Exercise brief
Once the pictures are set aside, transcribe each line of the listing exactly.
─── Dataset content
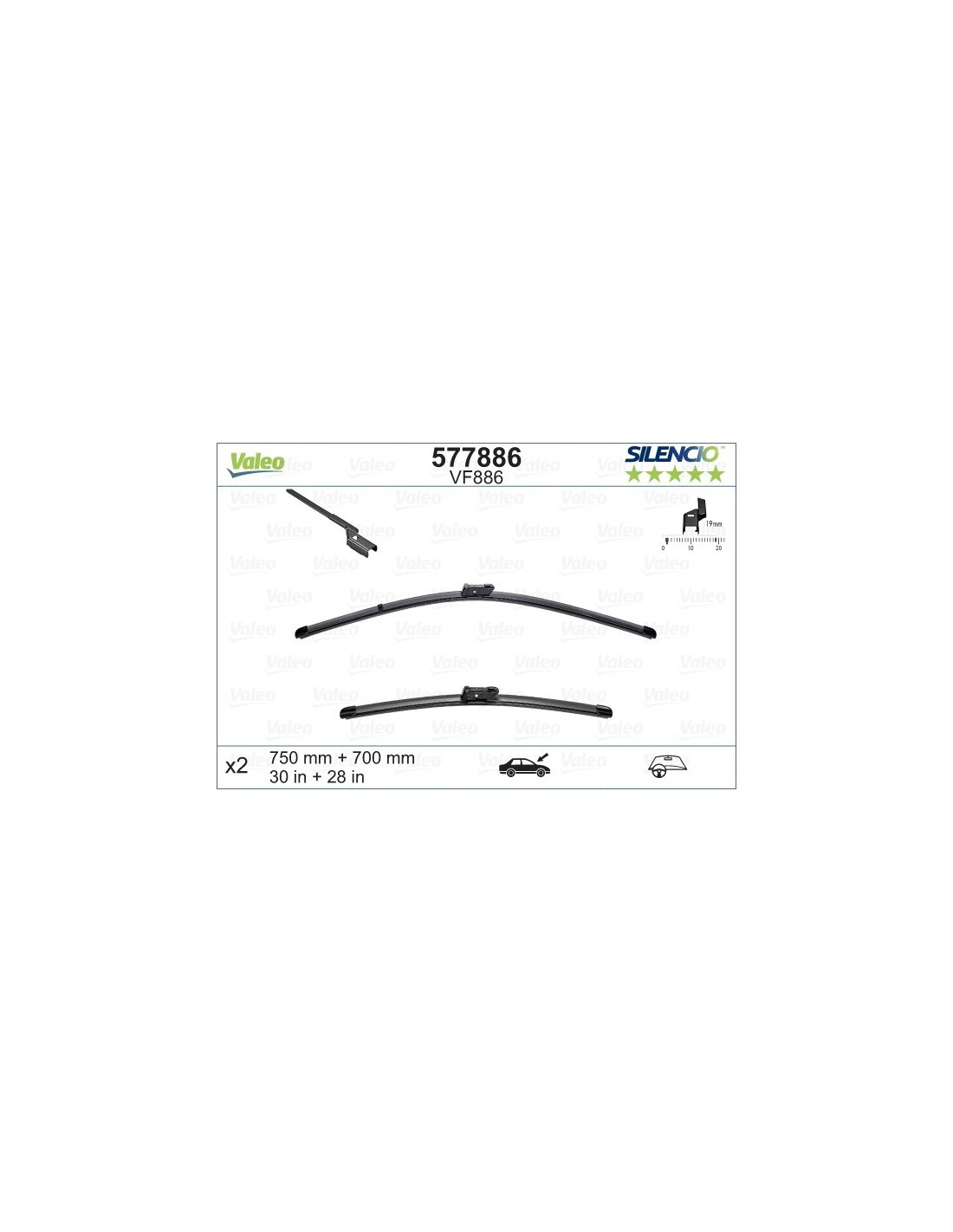 Scheibenwischer Set Valeo Silencio VF886. Code: VF886, Länge: 750/700.
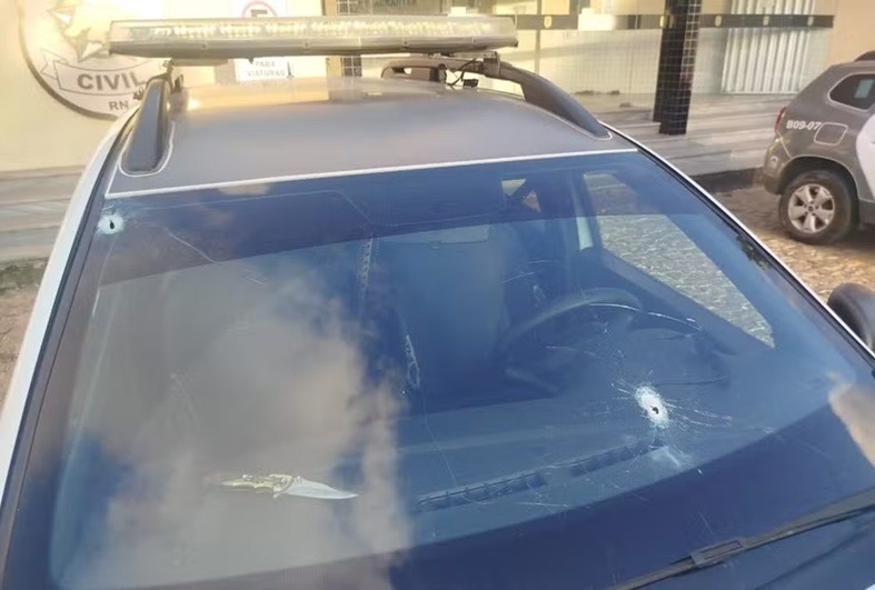 Uma viatura da Polícia Militar foi atingida por pelo menos dois disparos durante um confronto entre militares e criminosos na madrugada desta quarta-feira (5) na Zona Leste de Natal.
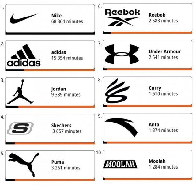 而在上脚时间的品牌排行中,Nike以68864分钟排名第一,前十中也有国产品牌出现。
──────
Response for this exercise
 Scheibenwischer Set Valeo Silencio VF886. Code: VF886, Länge: 750/700.
 Uma viatura da Polícia Militar foi atingida por pelo menos dois disparos durante um confronto entre militares e criminosos na madrugada desta quarta-feira (5) na Zona Leste de Natal.
 而在上脚时间的品牌排行中,Nike以68864分钟排名第一,前十中也有国产品牌出现。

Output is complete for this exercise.